This might take a moment. If the setup was successful, your code is checked before you can commit it. You can read more about it [here](https://pre-commit.com/).

## How to use the scorer

### What do I need?

The scorer requires the following inputs:

#### **data**

This is a `pandas.DataFrame` that contains case counts of some infectious disease where each row aggregates the case numbers along the lowest possible resolution over some dimensions.

Such a table could look like this:

| week | county | data_label | value |
| ---- | ------ | ---------- | ----- |
| 0 | 0 | endemic | 0 |
| 0 | 1 | endemic | 3 |
| 0 | 0 | one | 0 |
| 0 | 1 | one | 1 |
| 0 | 0 | two | 1 |
| 0 | 1 | two | 1 |

where the data labels are extracted from the `data_label` column, its values form the `value` column, and the remaining columns are treated as coordinates.

In this table, `one` and `two` are the labels for an outbreak and `endemic` are cases that don't belong to an outbreak.
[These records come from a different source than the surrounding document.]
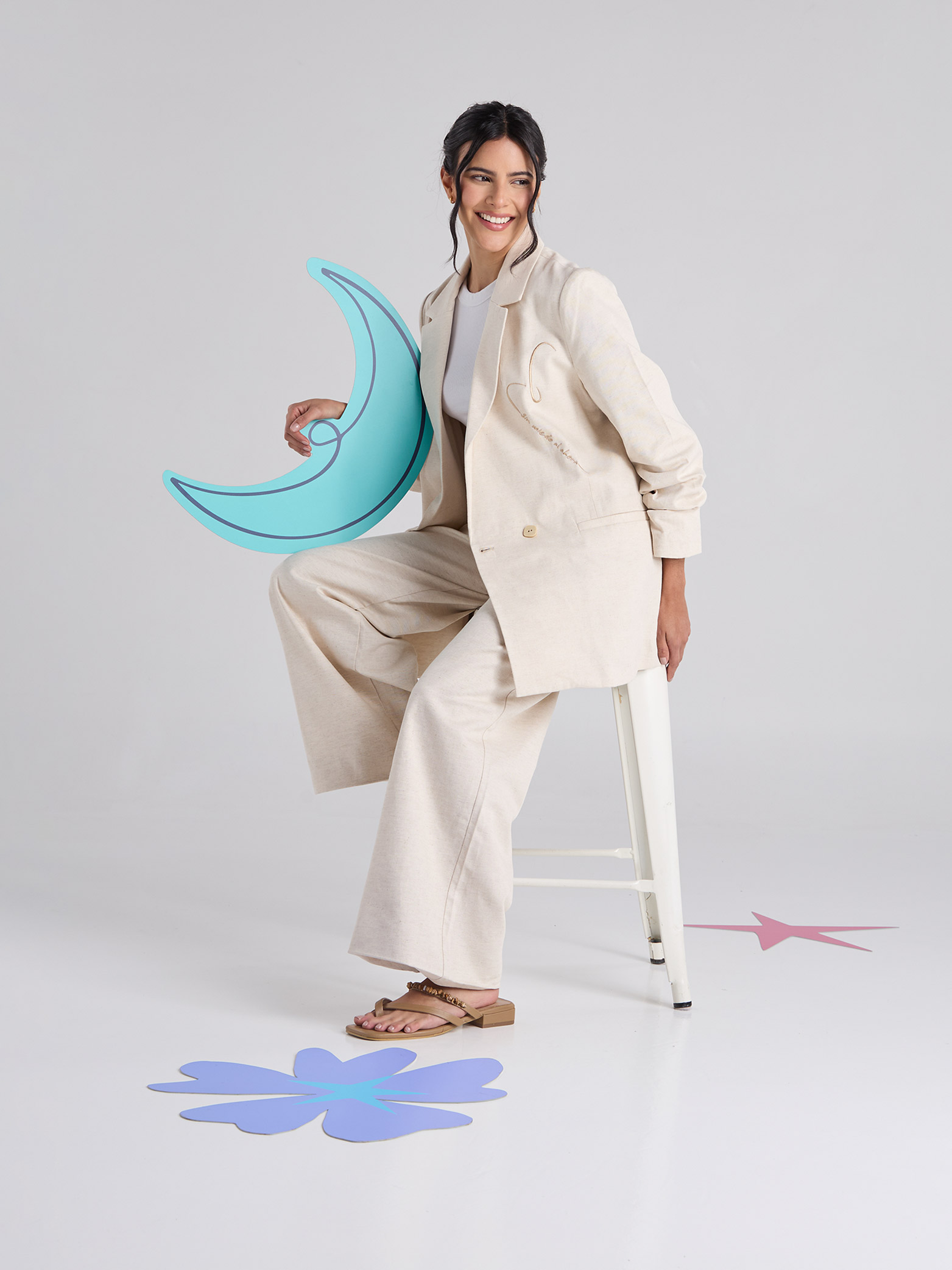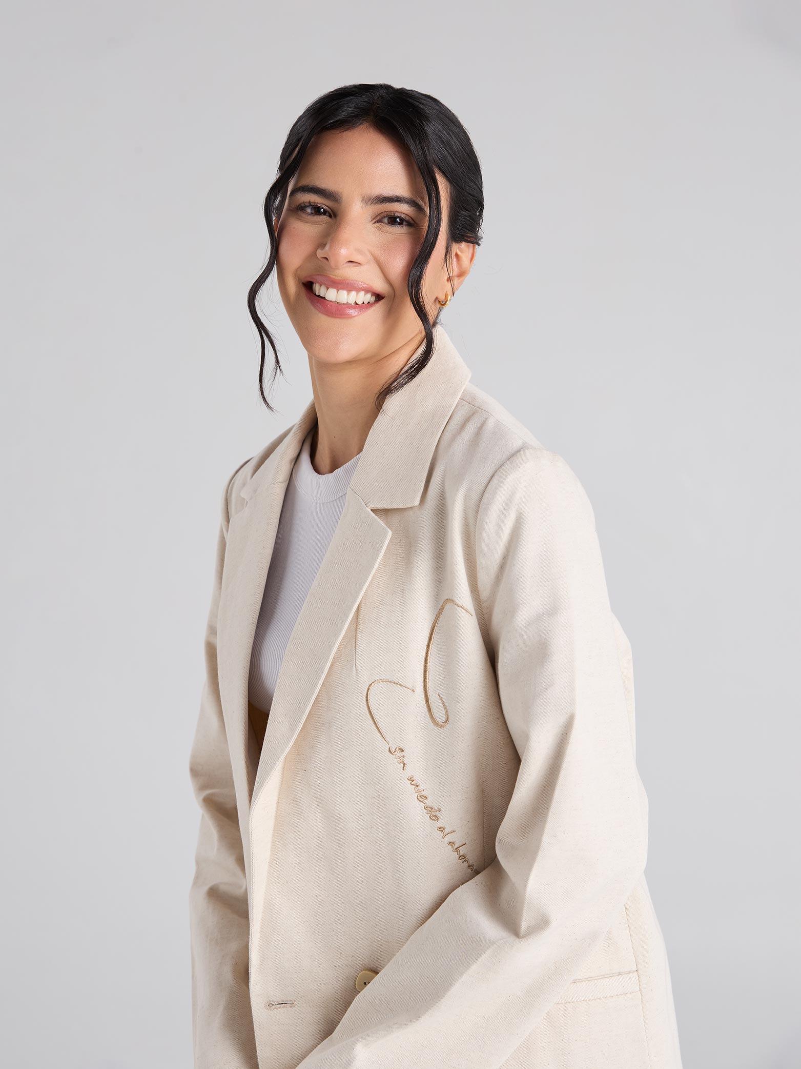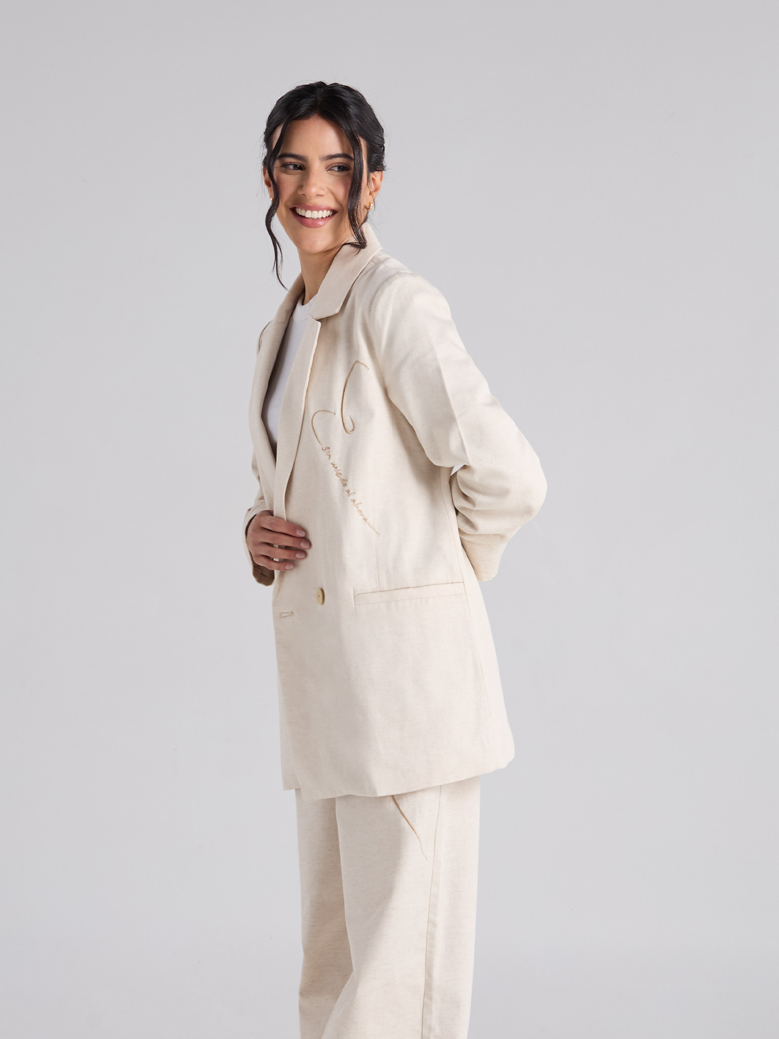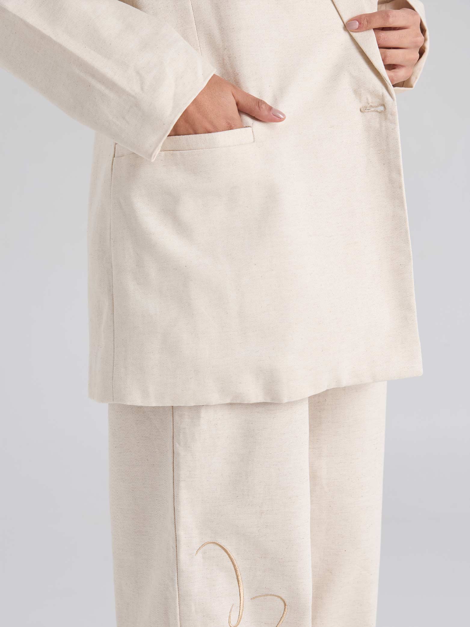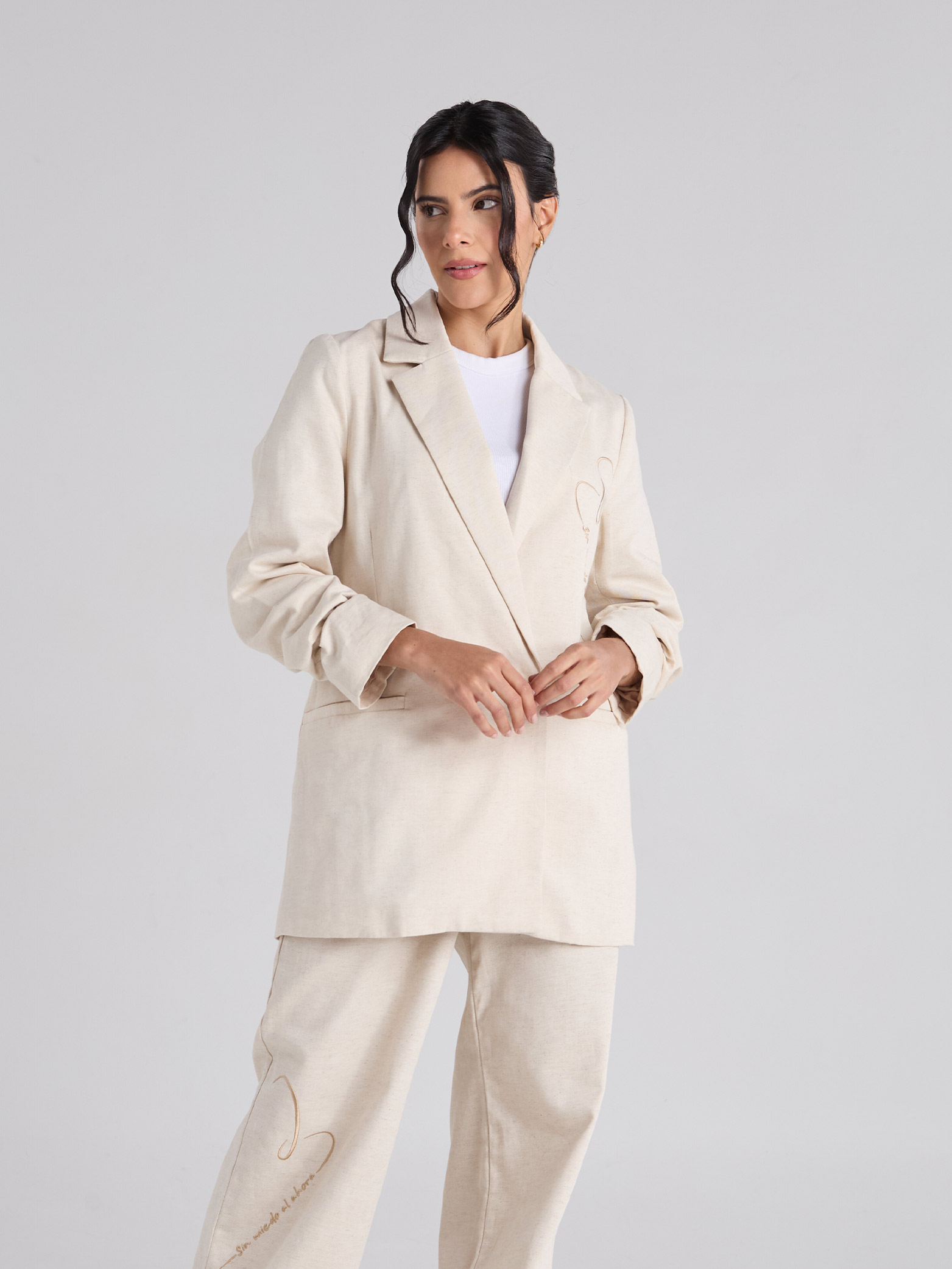 Blazer arena de cuello y solapa clásica, con manga larga. Presenta bolsillos delanteros de ribete, cierre frontal con botón y arte bordado en el delantero.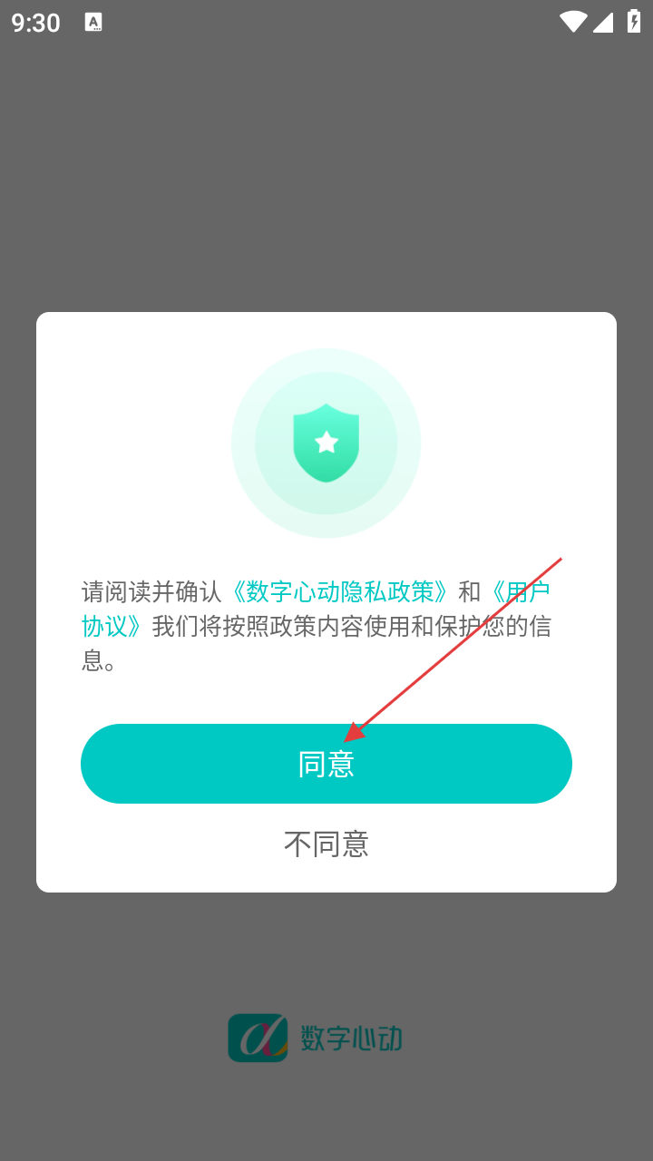 1、在数字心动APP的隐私政策与用户协议确认页面,点击【同意】按钮,进入登录方式选择页面。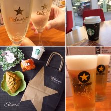 星集め✯ ✯ ✯ 最近星柄が気になって仕方ない この紙袋が欲しいが為に スタバでわざわざテイクアウト☕ 黒地に☆がカッコイイ~💕 一番搾りのタイアップも終わった事だし これから🍺はサッポロだな😎 いつから絵文字使えるようになったん?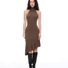 Vintage Mocha Brown Halter Backless Asymmetrical Hem Bodycon Dress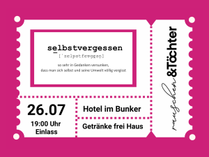 #selbstvergessen Wann? 26.07.2023, Ab 19:00 Einlass, Beginn 19:30 Wo? Hotel im Bunker, Lautenschlägerstraße 26, 80999 München Wir lieben Literatur, Feminismus und junge aufregende Stimmen! Das wollen wir mit euch bei einem lauschigen Sommerabend auf einer romantischen Dachterrasse zelebrieren! Seid dabei, wenn vielseitige Texte gelesen werden,...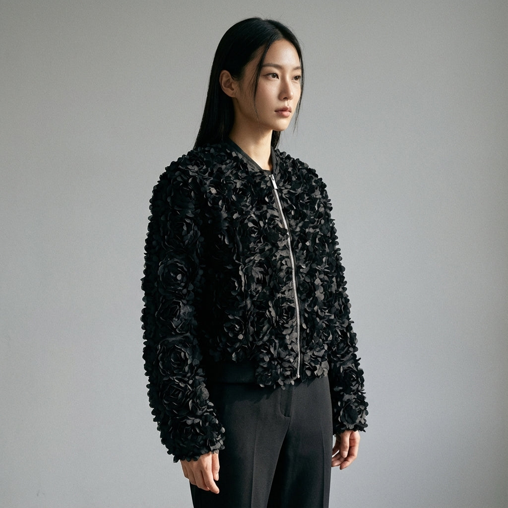 Descubre nuestra Chaqueta Floral Negra Coreana, una prenda imprescindible para un look urbano y elegante. Su tejido texturizado con delicados motivos florales aporta un toque de sofisticación a esta chaqueta ligera y cómoda, perfecta para todas las ocasiones. ✨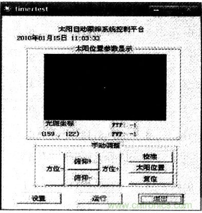 上位機可執行程序控制界面如圖5所示,上位機控制平臺具有實現復位,太陽位置的跟蹤、手動校準。其中“設置”按鈕,可進行波特率、調整時間間隔等的設置。

You data needs to at least contain data with the data_label `endemic`. On the other hand, `non_cases` only occur if all other labels have a value of `0`. This is, however, handled internally by the package and therefore no `data_label` should be named `non_cases`.

The coordinate system of the data DataFrame is considered complete, i.e., you should make sure that all relevant cells are contained in the coordinate columns. Also, each cell should contain one entry for each data_label that you want to consider for your analysis.

#### **signals**

This is also a `pandas.DataFrame` and its coordinate system needs to be a subset of the coordinates defined the `cases` DataFrame, i.e. it may contain other dimensions or more coordinate points which, however, are ignored for the analysis. Instead of a `data_label` column, this DataFrame should contain a `signal_label` column which contains the different signal labels generated by the outbreak detection algorithms. The significance of the signal is entered in to the `value` column and should be normalized to a value between 0 and 1. Please make sure to always include `endemic` and `non_case` signals.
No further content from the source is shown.